Although Charlie made an early name for himself in Chicago and has been living in the San Francisco Bay area for decades, his roots are still firmly planted in the Mississippi mud.

Born in Kosciusko, Miss., on Jan. 31, 1944, Musselwhite moved to Memphis when he was three, spending summers back in the Magnolia State with his grandparents and other relatives throughout his youth. Many members of his family still call the Hill Country home. Although not professional musicians, his father played guitar and harmonica and built his own mandolin, and his mother played piano.

“I run across some of the really old harmonica instructions that used to come with the harps he bought,” Charlie says today.

By the time he was a teenager, Musselwhite was already deeply involved in the blues. Memphis proved to be the ultimate melting pot of society, where country, Western swing, jazz, Delta blues, rockabilly and rock ‘n’ roll collided and musicians of all color shared lives and tunes.

While Elvis Presley, nine years Charlie’s senior, was across town rerecording hits by Arthur “Big Boy” Crudup and Big Mama Thornton, young Musselwhite was a ditch digger, laying concrete floors in cotton warehouses and doing factory work for a paper manufacturer to make ends meet.

“In the South, when you’re diggin’ dirt, it’s wet and all heavy, and you have to put it in a wheelbarrow and run it up a ramp,” he says. “And the heat and the humidity…and you were only makin’ a dollar an hour. It’s gives you an attitude. Factory work sounded pretty good after that.”
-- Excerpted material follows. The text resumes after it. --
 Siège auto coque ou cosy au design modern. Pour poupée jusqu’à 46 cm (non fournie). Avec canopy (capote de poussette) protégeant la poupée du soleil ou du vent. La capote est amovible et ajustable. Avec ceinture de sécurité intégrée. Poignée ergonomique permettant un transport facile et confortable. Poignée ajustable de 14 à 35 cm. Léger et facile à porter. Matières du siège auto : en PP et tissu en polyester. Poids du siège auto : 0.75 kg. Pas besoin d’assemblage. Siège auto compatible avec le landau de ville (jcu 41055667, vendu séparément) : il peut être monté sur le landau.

On the side, he also delivered moonshine in a 1950 Lincoln auto and immersed himself into a group of musicians most of us have only read about in history books – a virtual who’s who of folks who worked jug bands and minstrel shows – the black equivalent of the vaudeville circuit, learning more about the harmonica and life with each passing day.

“Playing in Memphis was for my own gratification…there was something in me that needed to be satisfied,” he says. “Those folks were tuned in and sensitive to things that mattered…about how you treat people and the quality of life on the ethereal level.”
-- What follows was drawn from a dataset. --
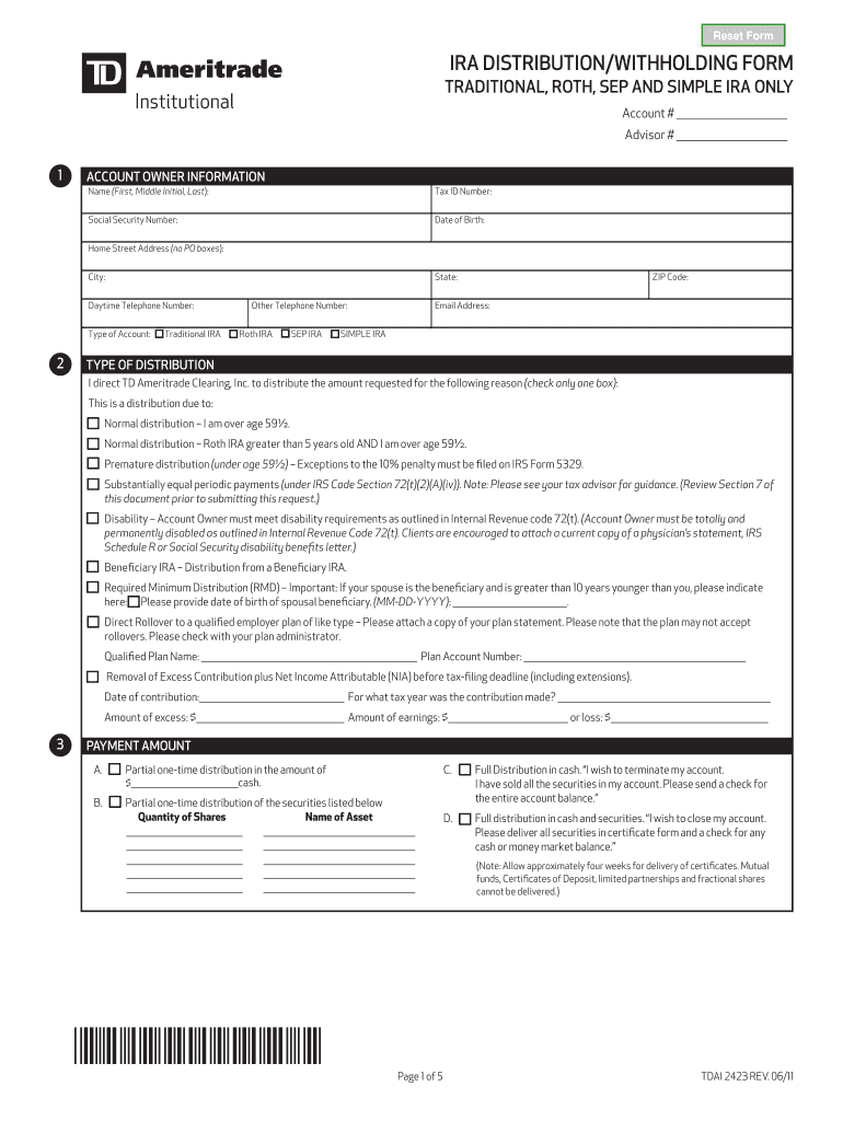 The IRA Distribution/Withholding Form is a tax document used by account owners to request distributions from their Traditional, Roth, SEP, or SIMPLE IRAs.

Musselwhite spent time in the home of Will Shade, harp player and band leader of the legendary Memphis Jug Band. “I also spend time with Furry Lewis, Memphis Willie B., who played guitar and harp on a rack – Willie Borum was his name, Earl Bell and Abe McNeil, who were guitar players, Ray Robey, who was a fiddle player and guitar player. He was with the Memphis Jug Band, too,” Charlie recalls.

“Gus Cannon (founder of Shade’s chief competition, the Cannon Jug Stompers)…I used to go over to his place, drinkin’ with him. Everybody was drinkin’ then! It’s a bad old Southern tradition. I didn’t know it when I started, but it all had to end eventually.”
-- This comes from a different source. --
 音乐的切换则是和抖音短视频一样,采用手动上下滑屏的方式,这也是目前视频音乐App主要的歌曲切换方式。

The lessons Musselwhite received in the company of those old-timers set him apart stylistically when he moved to Chicago in 1962. Like many of his compatriots, he followed Highway 51 north in search of a job that would pay the princely sum of $3 an hour.

“I’d seen various friends of mine leave and come back to visit,” he recalls. “They’d be drivin’ a brand new car – a red Oldsmobile or somethin’ – talkin’ about how great the jobs were. The pay would be good, the benefits. After a while, it seemed like I had to take that highway up North to take one of those big Yankee jobs. It was really a different world. There was so much work in Chicago, you could walk into a factory and go to work right then.

“People like Muddy and Wolf, they had 45s, and were regular musicians touring all the time. But a lot of the guys didn’t have it that good. They’d get a gig in a club and they’d work there in residency or somethin’. Then there’d be a shooting or somethin’ and they’d close it down. You’d just go to the factory and work until you could land another gig. You could bounce back and forth like that real easy.

“In the summertime, I’d drive around with my windows down. I’d find a band playin’ the blues. Sometimes some trio would come up from Arkansas to visit some relative, pick up a little gig, and then they’d be gone. You’d never see ‘em again.”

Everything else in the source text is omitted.